**Provided material**.

[Start of Attachment]

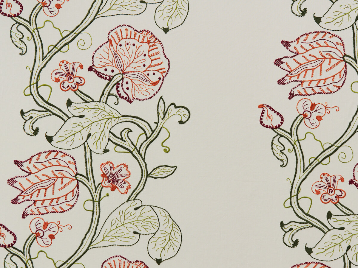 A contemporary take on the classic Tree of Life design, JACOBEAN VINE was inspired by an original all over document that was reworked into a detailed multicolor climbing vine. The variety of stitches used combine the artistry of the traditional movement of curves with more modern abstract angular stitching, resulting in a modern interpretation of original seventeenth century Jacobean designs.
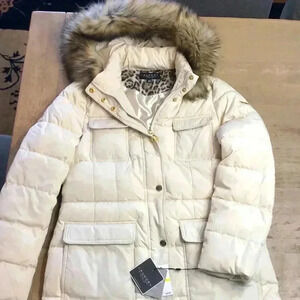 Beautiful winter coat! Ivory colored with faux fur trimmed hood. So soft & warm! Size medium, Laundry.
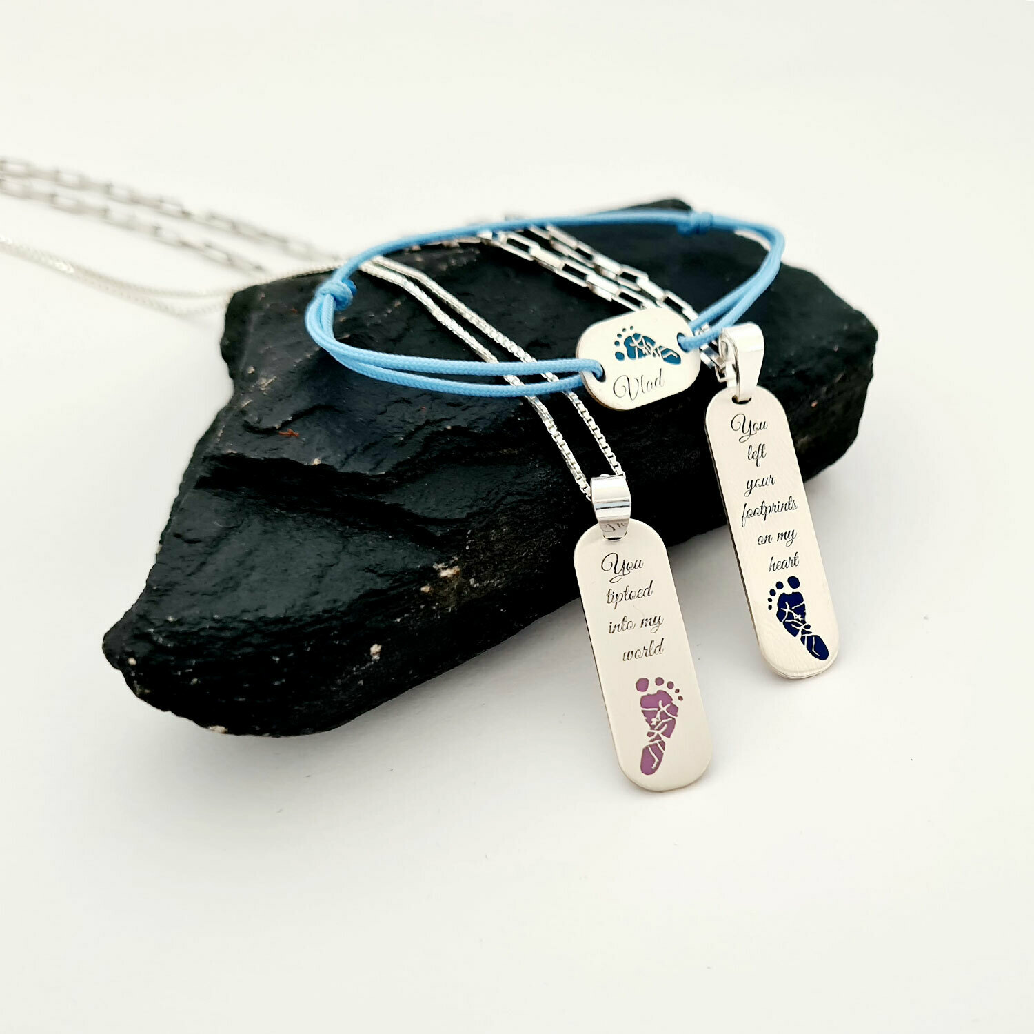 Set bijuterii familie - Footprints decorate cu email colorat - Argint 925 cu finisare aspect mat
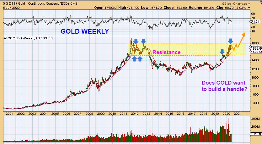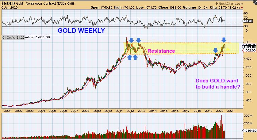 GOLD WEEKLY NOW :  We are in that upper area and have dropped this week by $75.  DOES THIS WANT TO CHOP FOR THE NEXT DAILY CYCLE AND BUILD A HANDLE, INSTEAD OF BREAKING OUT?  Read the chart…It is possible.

[End of Attachment]

**Task objective**.
Skip all pictures. Then give again, exactly, each line from the line holding "Set bijuterii familie" through the last line of the listing above, both ends included.

**Response to this exercise**.
 Set bijuterii familie - Footprints decorate cu email colorat - Argint 925 cu finisare aspect mat
 GOLD WEEKLY NOW :  We are in that upper area and have dropped this week by $75.  DOES THIS WANT TO CHOP FOR THE NEXT DAILY CYCLE AND BUILD A HANDLE, INSTEAD OF BREAKING OUT?  Read the chart…It is possible.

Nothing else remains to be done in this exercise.